> **Extracted information**:
————————
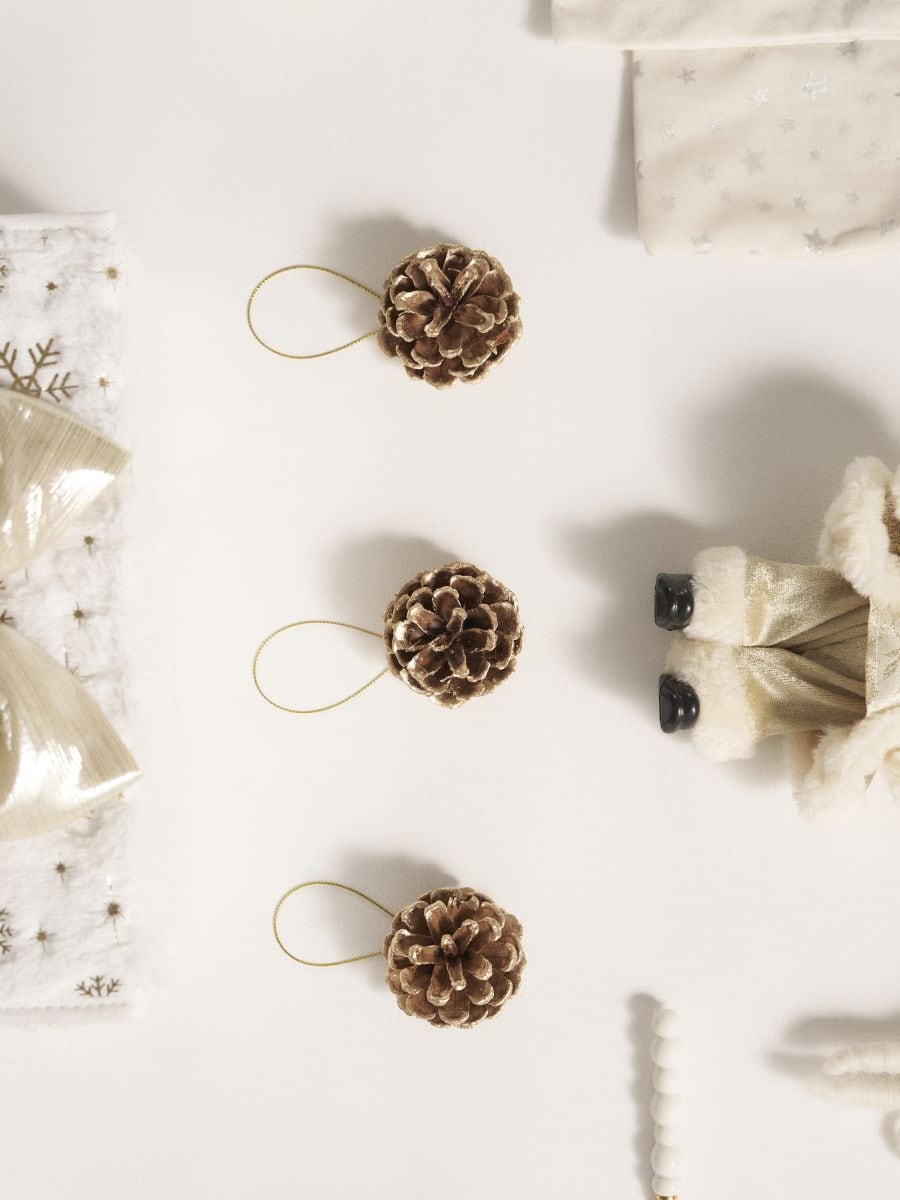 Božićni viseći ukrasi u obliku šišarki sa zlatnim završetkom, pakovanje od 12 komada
————————
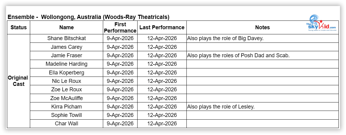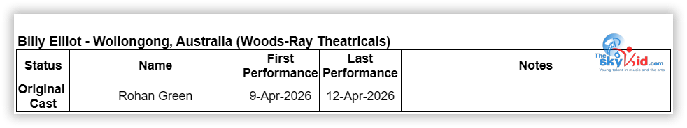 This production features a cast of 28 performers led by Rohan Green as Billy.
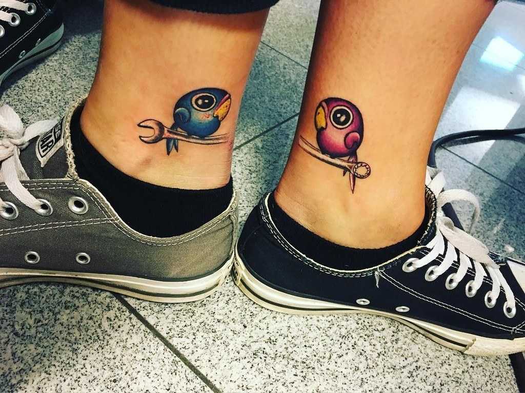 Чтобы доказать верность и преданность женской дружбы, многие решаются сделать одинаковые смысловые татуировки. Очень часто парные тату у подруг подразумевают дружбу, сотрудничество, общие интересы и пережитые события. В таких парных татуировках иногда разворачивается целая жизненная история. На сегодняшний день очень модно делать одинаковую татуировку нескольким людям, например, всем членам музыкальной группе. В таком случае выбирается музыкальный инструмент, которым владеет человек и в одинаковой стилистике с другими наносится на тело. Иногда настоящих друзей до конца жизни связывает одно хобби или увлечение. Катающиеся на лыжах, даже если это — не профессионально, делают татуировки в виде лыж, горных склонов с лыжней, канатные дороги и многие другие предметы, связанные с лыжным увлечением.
————————
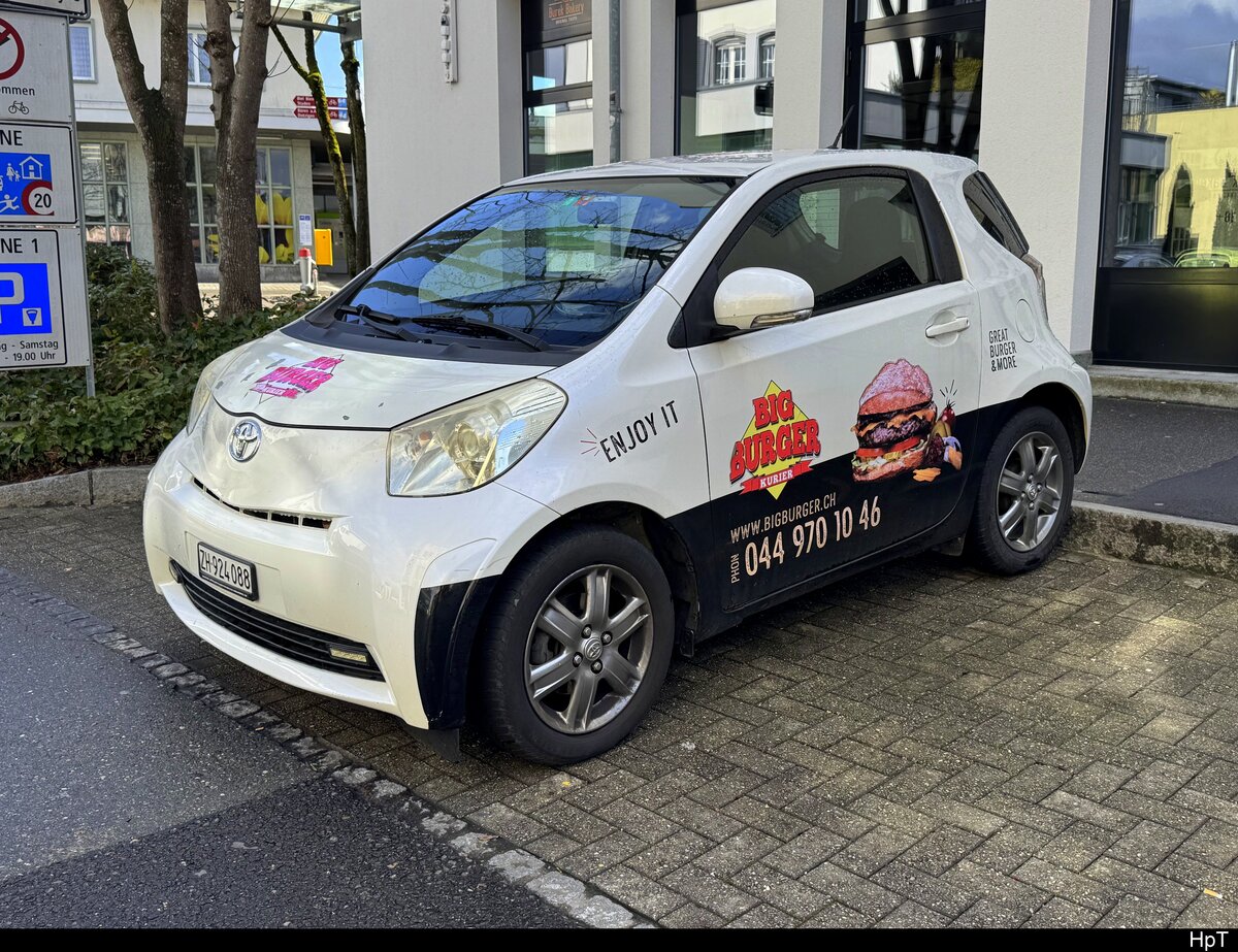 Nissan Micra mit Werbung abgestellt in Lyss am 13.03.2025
————————
> **To do**: Print an exact copy of the lines above, from the one containing "This production features" through the one containing "Чтобы доказать верность", and leave out the pictures.

> **Written solution**:
 This production features a cast of 28 performers led by Rohan Green as Billy.
 Чтобы доказать верность и преданность женской дружбы, многие решаются сделать одинаковые смысловые татуировки. Очень часто парные тату у подруг подразумевают дружбу, сотрудничество, общие интересы и пережитые события. В таких парных татуировках иногда разворачивается целая жизненная история. На сегодняшний день очень модно делать одинаковую татуировку нескольким людям, например, всем членам музыкальной группе. В таком случае выбирается музыкальный инструмент, которым владеет человек и в одинаковой стилистике с другими наносится на тело. Иногда настоящих друзей до конца жизни связывает одно хобби или увлечение. Катающиеся на лыжах, даже если это — не профессионально, делают татуировки в виде лыж, горных склонов с лыжней, канатные дороги и многие другие предметы, связанные с лыжным увлечением.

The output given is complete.